Typically, retroviruses infect somatic cells, but there exists a probability that a retrovirus may infect germline cells, thereby entering the host's gene pool. At this juncture, the provirus evolves into an endogenous retrovirus (ERVs). The destiny of ERVs within a population hinges on the forces of genetic drift and natural selection. In essence, ERVs represent genetic loci originating from exogenous retroviruses that have assimilated into the host genome through the process of endogenization. These entities retain the title of ERVs regardless of their capacity to continue expressing infectious viral particles. Over millions of years, many ERV sequences have lost their ability to produce viral particles due to accumulated mutations.

Env exaptation and the relationship between ancient viral functions and current genome functions.Env exaptation and the relationship between ancient viral functions and current genome functions. (Johnson Welkin E, 2019)

Diversity of Endogenous Retroviruses (ERVs)

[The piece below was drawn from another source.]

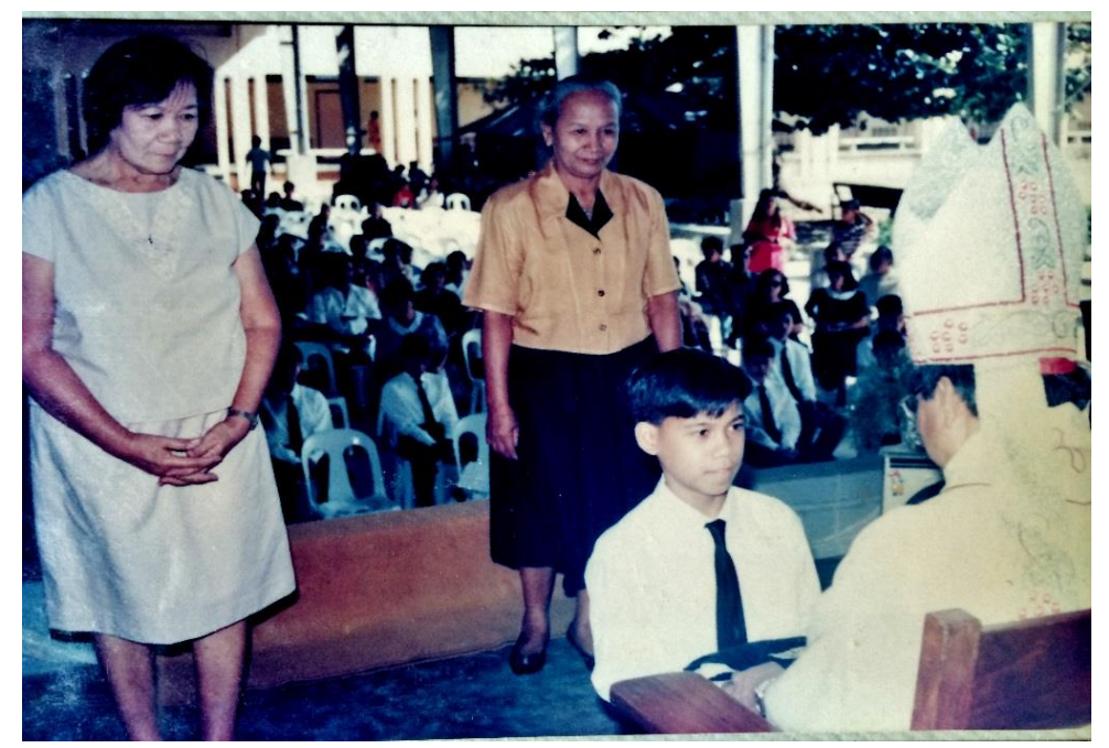
Rite of Investiture, Immaculate Conception Minor Seminary, Vigan City, Philippines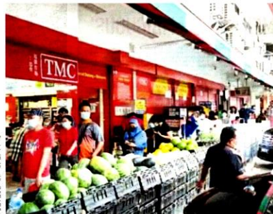
A long line of people waiting in an aisle at a busy market stall in Kuala Lumpur.

SELANGOR and KUALA LUMPUR have been placed under Conditional Movement Control Order (CMCO) to forestall a surge in Covid-19 cases from the third wave of the virus, which has been placed under the CMCO, although a day earlier yesterday. The move is part of a pre-emptive move to contain the virus before it spreads further, says the state government. Malaysia Deputy Prime Minister Anwar Ibrahim said the move was necessary to prevent a surge in cases, which could overwhelm the health system. The CMCO will be in effect until Oct 27 for Selangor and Oct 26 for Kuala Lumpur.

Endogenous retroviruses share a common genome structure, facilitated by the processes of reverse transcription and integration. These processes result in the formation of proviral sequences ranging from 5,000 to 10,000 base pairs in length within the host genome, typically characterized by the presence of long terminal repeat sequences (LTRs) at both ends. These LTR sequences serve as essential elements, encompassing promoters for proviral expression, regulatory components, and cis-acting structural domains crucial for integration.

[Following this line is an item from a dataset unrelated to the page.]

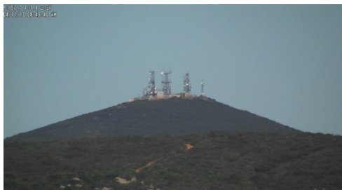
720p 30x Full Zoom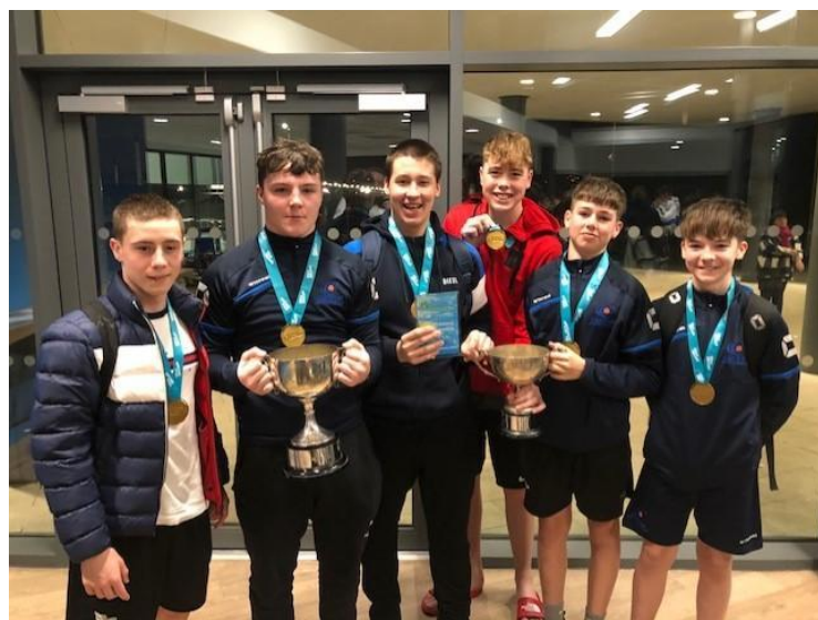
6 of the boys from The Bish were on the Corrib Waterpolo Team that won The Irish U17 national cup in Belfast .

The genetic content of retroviruses typically comprises:

  • gag: responsible for encoding the structural proteins that constitute the viral particle's core.
  • pro: tasked with encoding the viral protease.
  • pol: housing the genes for reverse transcriptase and integrase.
  • env: responsible for encoding glycoproteins essential for facilitating fusion and cellular entry.

The LTR's terminal repeat sequence is typically divided into three segments, ordered from the 5' end to the 3' end: U3, R, U5.

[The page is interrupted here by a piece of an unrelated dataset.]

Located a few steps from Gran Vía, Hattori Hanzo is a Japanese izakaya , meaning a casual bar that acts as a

At the 5' end, the junction between U3 and R marks the initiation of transcription, while at the 3' end, the junction between R and U5 denotes the termination of transcription.

The U3 segment is typically within the range of 190 to 1,200 base pairs and contains an array of structural elements, including promoters, enhancers, and other regulatory motifs. These elements have the capacity to interact with host cell regulatory factors, thereby exerting control over the protovirus's gene expression.

Reconstructing and analysing ancient endogenous retrovirus genes.Reconstructing and analysing ancient endogenous retrovirus genes. (Johnson Welkin E, 2019)

Ancient Retroviruses: Insights into Host Evolution

Endogenous retroviruses (ERVs) stand as genomic remnants of bygone retroviruses, offering a unique window into the co-evolution of retroviruses and their host genomes. They are invaluable tools for unraveling the impact of retroviruses on host evolution.

Take, for instance, HERV-K (HML-2), an ERV present in the human genome, the Neanderthal genome, and the Denisovan genome. Its ubiquitous presence suggests an ancestral retroviral origin within the human lineage. In contrast, it remains unfixed in the gorilla genome, residing in a genetically segregated state with a relatively complete sequence. This indicates ongoing activity in gorillas, with these retroviruses retaining the potential to generate new infectious viral particles.

ERVs affiliated with spumaviruses, discovered in marine animals, provide insights into a deeper historical context, suggesting that these viruses infected marine animals as far back as the Paleozoic era. The identification of as-yet-unfixed ERVs, like CrERV-gamma in deer, can shed light on the early stages of endogenization. Notably, in koalas, the retrovirus KoRV exhibits both endogenized, non-pathogenic sequences and sequences yet to undergo endogenization, which could potentially be pathogenic. Analyzing these cases aids in comprehending the endogenization process and the virus's influence on host genome evolution.

ERVs can also serve as molecular clocks, enabling the estimation of integration timing and providing insights into the emergence and dissemination of ancient retroviruses.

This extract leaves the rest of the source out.